Monday, 13 May 2013

Spilled Ink and a Broken Record



So far as I can tell, the only recording of my mother’s actual voice was a phonograph made in 1944 to send to my father in France during the War.  On it, she speaks for a while, enthusiastic, nervous, afraid to say what she really means, and then she hands the task over to me, four years old, hardly remembering who my father was, and I sing proudly the only song I then know, the rhyme learned at school that week, probably in the yard and not from the teachers.  It was a Kindergarten chant:
Inka dinka a bottle of ink
The cork fell out and you stink.

Years later, I learned from my father that when he received the record in the south of France, near Marseilles, France he went all around the army camps trying to find a phonograph.  He traded the cigarettes he didn’t smoke and the bottles of whisky he didn’t drink, bargained, wheedled, and finally found one he could borrow for an afternoon.  He listened to the voice of my mother and cried and laughed at the same time.  He was standing in the middle of the medical tent where he did his dentistry, with his friends around him—the major in charge, the assistant, and the jeep-driver who had brought the record-player over from another camp twenty miles away and had to get it back before dinner.  After my mother’s message—a medley of love and complaints about how lonely she was, how sick her father was, and how all the relatives weren’t helping out—I came on with a ridiculous song, so stupid I probably knew it myself as soon as the words were out of my mouth. 
But there was no going back.  She had put aside her pennies and nickels for a month.  She schlepped me through the subway all the way from her mother’s house by New Utrecht Avenue, Brooklyn,  where we lived during the War into the City (Manhattan) and up to Macy’s.  She paid ten dollars for a three-minute recording, and she wasted almost a whole minute saying, “Is the machine on? Do I speak now?
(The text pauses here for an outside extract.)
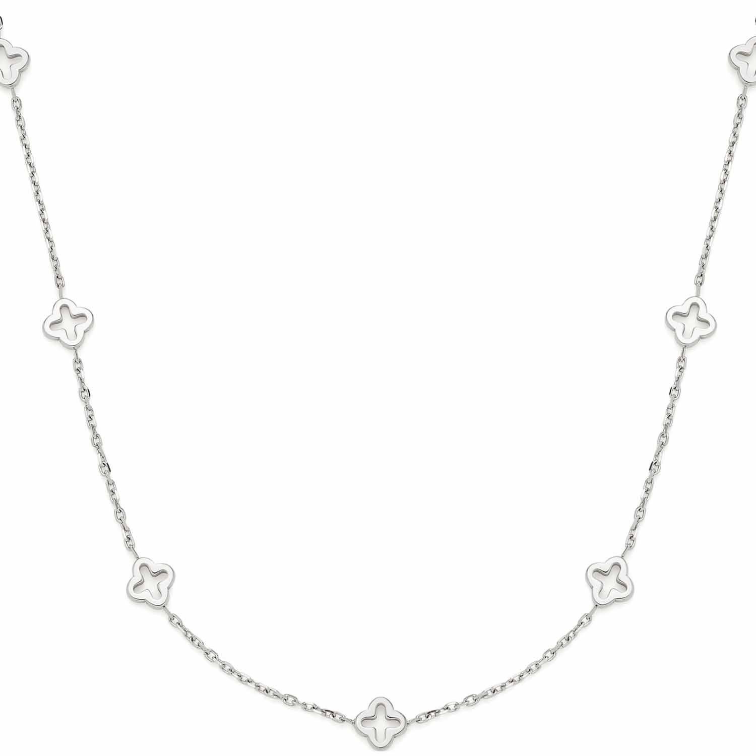 Die zarte Spiegel-Ankerkette ist mit kleinen Kleeblatt-Ornamenten verziert, die einen verspielten Touch verleihen und dem Schmuckstück eine besondere Note verleihen.

Can I start again?”  Then she cried, laughed, and tried to say how much she loved him and missed him, and how life was unbearable without him, and how proud she was of me. 
What she didn’t really say, though, was that she was not well, that she felt faint all the time, and often she had to be driven home when she fell down in the street.  I knew in a way because so often strangers took care of me and policemen drove me home in their patrol cars.  My song was a substitute for all the things I couldn’t say because I was too young and because no one told me I was allowed and because whenever I went anywhere with my mother I was afraid she would fall down.
What I meant to say was, “Daddy, I love you.  Please come home from the War.  I need you.”  My mother’s father, before he started to die, made me a soldier suit, so when I walked in the street I could be a general and the real soldiers could look at all my medals and salute me and then I could know I was helping to win the War and get my father back soon to help my mother and not let me be so afraid. 
Maybe I also wanted to tell him I didn’t like the Kindergarten.  The other children were mean and didn’t let me play with the blocks.  I didn’t like the teacher because she told people to be neat and said I was a sloppy boy.  But once I did like Mrs. Rothenberg when she made a really bad boy sit under the piano after he hit a Negro boy on the head with a block and called him a bad name I am not allowed to say.  My grandmother told me that sometimes bad people also called us bad names and that was why my father had to go to the War to shoot them, even though he only fixed soldiers’ teeth so they could fight and kill the bad people.  My mother cried too much and she never told me true things like Grandma did.  I didn’t like bad people.  The teacher said I was sloppy and I knew that meant I was bad.  I was not as bad as that really bad boy who called the black boy a bad word and whose name I didn’t know.  I had no friends in school.
When my father heard the record of my mother’s voice and my song, he sat alone in his tent all evening and hardly spoke to anyone the next day, even while he was looking into their mouths and fixing their teeth.  He said later that it made him sad because sometimes he would look into the soldiers’ mouths early in the morning and then in the evening he watched them come back into the camp on stretchers and some of them were dead.  He had wanted the record to make him feel happy for a few moments.  Because others were in the room when he listened and they laughed, he laughed too, but he really wasn’t happy.  He never listened to the record again.  It was too painful.  Many years later when I was almost grown up I found it in a closet.  I listened to it and cried.  My mother was too sick to listen.  My grandmother and grandfather were dead by then.  When I heard my stupid song, I knew Mrs. Rothenberg was right.  Now, when I am an old man, older than my parents when they died, I am not so sure my song was so stupid.  But probably the record broke and was thrown away, so no one will ever know.